What to work on: Line by line, the data below should be set down unchanged, with images excluded.

Stored data:
:::::
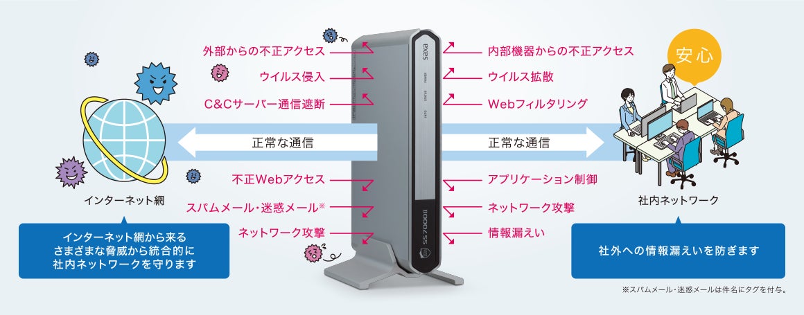 サクサのUTMは、多彩なセキュリティ機能を搭載した総合的なネットワークセキュリティシステムで、脅威管理の一元化を実現させます。Webフィルタリング機能をはじめ、アンチウイルス機能や迷惑メールブロック機能、侵入検知/防止機能など、インターネットに関連するあらゆる脅威を一括で対策することができます。
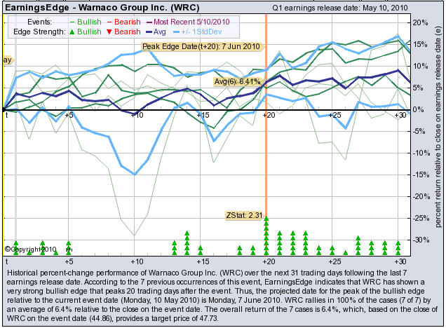 According to the 7 previous quarterly earnings reports, (NYSE: WRC) has shown a bullish edge that peaks 20 trading days after the report. WRC rallies in 100% of the cases (7 of 7) by an average of +6.4% relative to the date of the earnings release. At the time this story was written, WRC is +2.34% immediately after earnings were released.
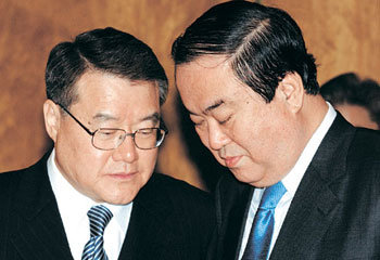 5日上午在青瓦台首席秘書及助理會議的舉行之前,國家安保助理(左)羅鍾一和秘書室室長文喜相表情嚴肅地在討論著什麽。
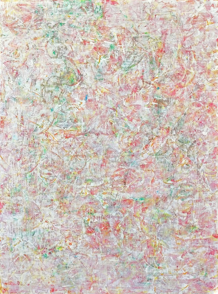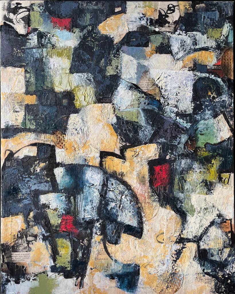 Jessie Summa Russo studied printmaking and painting at Sarah Lawrence College in New York and illustration at Massachusetts College of Art & Design. Based in West Seattle since 1997, she founded the venue Skylark Café & Club in 2006 and ran it until 2013. She is currently the Gallery Director at Gallery 110 in downtown Seattle. The pieces in this show are from two collections. Cosmic Grids: At its most basic level, our universe exists as a “vibrant energy field” that Nobel-winning physicist Frank Wilczek calls The Grid. In these collaged oil paintings, each square represents a life—some bright, some indistinct, some full of contrast, and some just a brief and incomplete sliver—that belongs to and in the blue-black void of space equally. Morphetica: These abstract expressionist paintings are inspired by recurring dreamscapes and hypnopompic hallucinations—vivid sensory experiences that occur as a person wakes up from sleep.
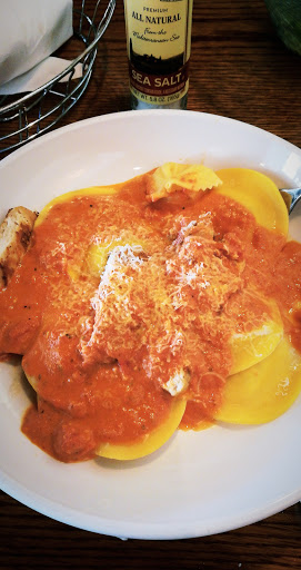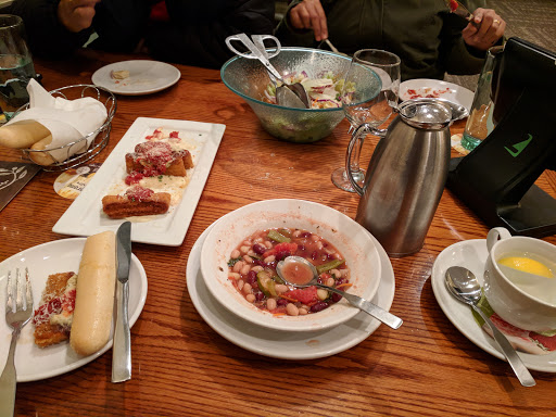 Family of four, two kids, two adults. We arrived without reservations early on Sunday evening (just before 6). We were seated promptly and our waiter arrived shortly thereafter with menus and the like. In general, he did a fine job with no issues, but was also generally unremarkable. With one exception, he got the order correct. But he was both uninspired and uninspiring. He was 15% tip material, no better, no worse. The food was pretty much the same. it was average fare for a just-above-average chain restaurant. We ordered the cheese pizza and chicken parmigiana for the kids, my wife had the chicken marsala and I ordered a few of the taste of Italy small dishes -- The crispy risotto balls, scampi alla greca, and crispy asparagus. We also took advantage of the ‘bottomless’ salad. The salad was decent, with a variety of extra stuff alongside iceberg lettuce. Its sin? Not nearly enough dressing, and a few too many pepperoncini. Without enough dressing, the juice from the peppers overwhelmed the salad and the tastebuds. One quickly learned to avoid that simply by not cutting into the peppers. We had three servings of the bottomless salad, all of which had the same issue. The scampi was set on a layer of polenta and covered in puttanesca sauce that was too heavy on black and green greek olives. I like a good puttanesca on occasion, but the abundance of olives made the sauce overly salty and it overwhelmed the more subtle flavors in the rest of the dish. The polenta never stood a chance. The crispy risotto balls were also a disappointment. Risotto should not be deep fried. While not overly greasy, it tasted like a deep-fried ball of, well, something bland. The waiter brought the incorrect asparagus dish, but what he brought was actually quite nice -- perhaps the best of the taste dishes. They were breaded lightly and deep fried, accompanied by a garlic aoili. My kids were happy with their dishes, and the chicken marsala was nicely done as well. it was tender, moist and reasonably flavorful. But it was also unremarkable -- Ive had as good or better elsewhere. The pasta with both the parmigiana and marsala was served unadorned and unsauced next to the chicken, as though they had no relationship whatsoever. Plain pasta in an Italian restaurant? C’mon. One final observation: Very few entrees included vegetables. It was all pasta (no surprise there) and garlic mashed potatoes. Really, OG? Real Mediterranean food generously employs fresh local fruits and vegetables. (Yes, there’s a footnote that says you can substitute vegetables, but what? And how good are they really, if they don’t offer them up as standard fare?) At an average of about $20 per dish, I think you can afford to offer up more than mashed potatoes or plain pasta served as a side not a component. And that, I think, sums up the visit over all. The experience was okay but unremarkable and a bit overpriced. I normally would have left somewhere in the neighborhood of 20% gratuity. I left slightly more than 15% instead.
:::::
Solution for this problem:
 サクサのUTMは、多彩なセキュリティ機能を搭載した総合的なネットワークセキュリティシステムで、脅威管理の一元化を実現させます。Webフィルタリング機能をはじめ、アンチウイルス機能や迷惑メールブロック機能、侵入検知/防止機能など、インターネットに関連するあらゆる脅威を一括で対策することができます。
 According to the 7 previous quarterly earnings reports, (NYSE: WRC) has shown a bullish edge that peaks 20 trading days after the report. WRC rallies in 100% of the cases (7 of 7) by an average of +6.4% relative to the date of the earnings release. At the time this story was written, WRC is +2.34% immediately after earnings were released.
 5日上午在青瓦台首席秘書及助理會議的舉行之前,國家安保助理(左)羅鍾一和秘書室室長文喜相表情嚴肅地在討論著什麽。
 Jessie Summa Russo studied printmaking and painting at Sarah Lawrence College in New York and illustration at Massachusetts College of Art & Design. Based in West Seattle since 1997, she founded the venue Skylark Café & Club in 2006 and ran it until 2013. She is currently the Gallery Director at Gallery 110 in downtown Seattle. The pieces in this show are from two collections. Cosmic Grids: At its most basic level, our universe exists as a “vibrant energy field” that Nobel-winning physicist Frank Wilczek calls The Grid. In these collaged oil paintings, each square represents a life—some bright, some indistinct, some full of contrast, and some just a brief and incomplete sliver—that belongs to and in the blue-black void of space equally. Morphetica: These abstract expressionist paintings are inspired by recurring dreamscapes and hypnopompic hallucinations—vivid sensory experiences that occur as a person wakes up from sleep.
 Family of four, two kids, two adults. We arrived without reservations early on Sunday evening (just before 6). We were seated promptly and our waiter arrived shortly thereafter with menus and the like. In general, he did a fine job with no issues, but was also generally unremarkable. With one exception, he got the order correct. But he was both uninspired and uninspiring. He was 15% tip material, no better, no worse. The food was pretty much the same. it was average fare for a just-above-average chain restaurant. We ordered the cheese pizza and chicken parmigiana for the kids, my wife had the chicken marsala and I ordered a few of the taste of Italy small dishes -- The crispy risotto balls, scampi alla greca, and crispy asparagus. We also took advantage of the ‘bottomless’ salad. The salad was decent, with a variety of extra stuff alongside iceberg lettuce. Its sin? Not nearly enough dressing, and a few too many pepperoncini. Without enough dressing, the juice from the peppers overwhelmed the salad and the tastebuds. One quickly learned to avoid that simply by not cutting into the peppers. We had three servings of the bottomless salad, all of which had the same issue. The scampi was set on a layer of polenta and covered in puttanesca sauce that was too heavy on black and green greek olives. I like a good puttanesca on occasion, but the abundance of olives made the sauce overly salty and it overwhelmed the more subtle flavors in the rest of the dish. The polenta never stood a chance. The crispy risotto balls were also a disappointment. Risotto should not be deep fried. While not overly greasy, it tasted like a deep-fried ball of, well, something bland. The waiter brought the incorrect asparagus dish, but what he brought was actually quite nice -- perhaps the best of the taste dishes. They were breaded lightly and deep fried, accompanied by a garlic aoili. My kids were happy with their dishes, and the chicken marsala was nicely done as well. it was tender, moist and reasonably flavorful. But it was also unremarkable -- Ive had as good or better elsewhere. The pasta with both the parmigiana and marsala was served unadorned and unsauced next to the chicken, as though they had no relationship whatsoever. Plain pasta in an Italian restaurant? C’mon. One final observation: Very few entrees included vegetables. It was all pasta (no surprise there) and garlic mashed potatoes. Really, OG? Real Mediterranean food generously employs fresh local fruits and vegetables. (Yes, there’s a footnote that says you can substitute vegetables, but what? And how good are they really, if they don’t offer them up as standard fare?) At an average of about $20 per dish, I think you can afford to offer up more than mashed potatoes or plain pasta served as a side not a component. And that, I think, sums up the visit over all. The experience was okay but unremarkable and a bit overpriced. I normally would have left somewhere in the neighborhood of 20% gratuity. I left slightly more than 15% instead.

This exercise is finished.